Digital Fluency – why do German-speaking women rank only mid-table?

How does digital fluency lead to greater educational attainment, better employment prospects and higher career progression? And why do Swiss, German, and Austrian women rank only mid-table in the digital fluency rankings? We talked to Pamela Maruschke, Managing Director at Accenture.

You are interested about how the Digital Fluency of women can be pushed? Pamela Maruschke is a speaker at Ada Lovelace Festival 2016 on 13th. & 14th. Oktober 2016 in Berlin.

Pamela, what is the key purpose of the Digital Fluency Model in Accenture’s “Getting to Equal” study?

The Digital Fluency Model describes the connections between digitization and women’s professional success. The initial question was whether greater digital fluency would lead to greater educational attainment, better employment prospects and higher career progression. So basically, we wanted to know how women can leverage digitization and whether digital fluency can accelerate progress towards gender equality at work.

According to your study, Swiss, German, and Austrian women are only mid-table in the digital fluency rankings. Why do you think this is?

Digitization opens up new professional opportunities for women, both through flexible working and new career paths. Men do also benefit, of course, but our study shows that digital fluency has a greater impact on women’s careers. Yet other countries are currently more successful in teaching women those skills and creating advancement opportunities for them. In the German-speaking countries, there is still room for improvement, be it through new leadership models, childcare, or better opportunities to acquire digital skills early on in the education process.

Was there something in the results that you personally found surprising?

The most surprising finding for me was that digital fluency already has a positive influence on women’s education and employment, but not on the number of women who advance into leadership positions. This shows how important it is to change corporate culture and basic attitudes. In the future, part-time working and career progression, or flexible working and leadership positions, should no longer be seen as mutually exclusive.

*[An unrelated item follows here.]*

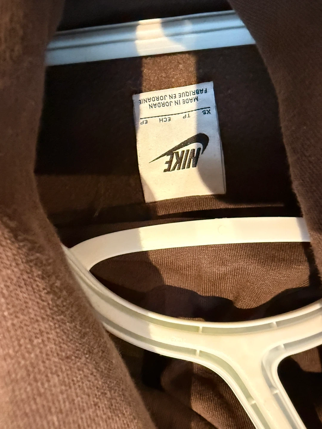 This is a brown Nike hoodie. It's a size XS unisex fits a men’s med women’s large over size

We also need to work harder to kindle leadership ambitions in women and to create attractive job profiles for them.

Could you please explain the term “unconscious bias” and maybe illustrate it with an example from everyday life?

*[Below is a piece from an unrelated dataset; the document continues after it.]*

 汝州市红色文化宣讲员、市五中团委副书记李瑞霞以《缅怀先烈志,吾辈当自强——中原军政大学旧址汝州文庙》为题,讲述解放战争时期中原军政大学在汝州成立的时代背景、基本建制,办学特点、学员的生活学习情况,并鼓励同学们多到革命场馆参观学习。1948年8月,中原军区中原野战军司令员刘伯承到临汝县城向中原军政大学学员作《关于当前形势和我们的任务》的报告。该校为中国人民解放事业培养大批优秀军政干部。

The term “unconscious bias” describes the prejudices and stereotypes we all carry with us subconsciously. Most of us prefer people who are similar to us in some way, for example those who were shaped by similar cultural influences such as education or personal experiences, which may unconsciously trigger positive or negative emotions. People we like may receive slightly preferential treatment, while we also send subtle messages which shut out other people. At work, this may make the difference between being invited for a job interview and later promoted, or never getting such an opportunity in the first place. To address this issue, we have launched the “Unconscious Bias” training series worldwide. These events highlight hidden preconceptions, prejudices, and expectations, bring them to participants’ attention, and help them make unbiased, objective decisions. Here is one example: At one of our training sessions, we showed our recruiters identical CVs. The candidate’s secondary education, higher education, and professional experience were the same. Only the name, origin, and gender changed. The result was astonishing: Despite the identical CVs, some colleagues said they would invite the candidate for an interview, while others said they would not. Their personal experiences clearly influenced their reactions to the CV they had in front of them. At Accenture, this training is compulsory for all managers and recruiters, and open to all other employees as well.

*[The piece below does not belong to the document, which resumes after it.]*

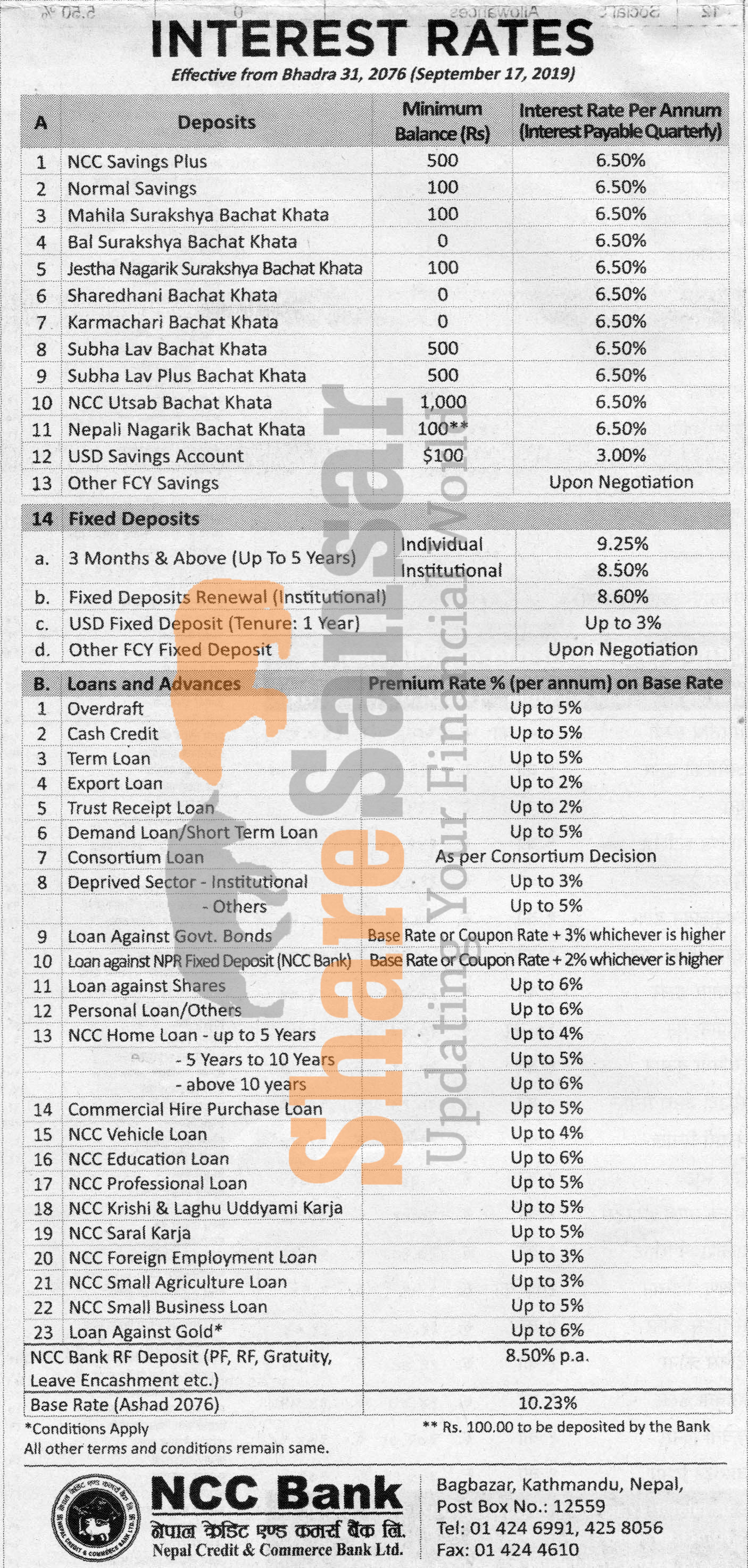 Nepal Credit and Commerce Bank Limited has published a notice regarding new interest rate and its effective from 31st Bhadra, 2076.

What makes the Ada Lovelace Festival so special for you personally, and for Accenture as a company, that you decided to support it as a Premium Partner?

Conferences like the Ada Lovelace Festival are important platforms. They show that women in IT are not just an isolated phenomenon, and of course they provide great networking opportunities. Female role models are vital for attracting women into STEM jobs. At the Ada Lovelace Festival, we meet those role models and hear their success stories. And for Accenture as an employer, it is also a great opportunity to present ourselves as an organization where diversity is a celebrated, living part of our culture, and where you can meet exciting people from many different backgrounds.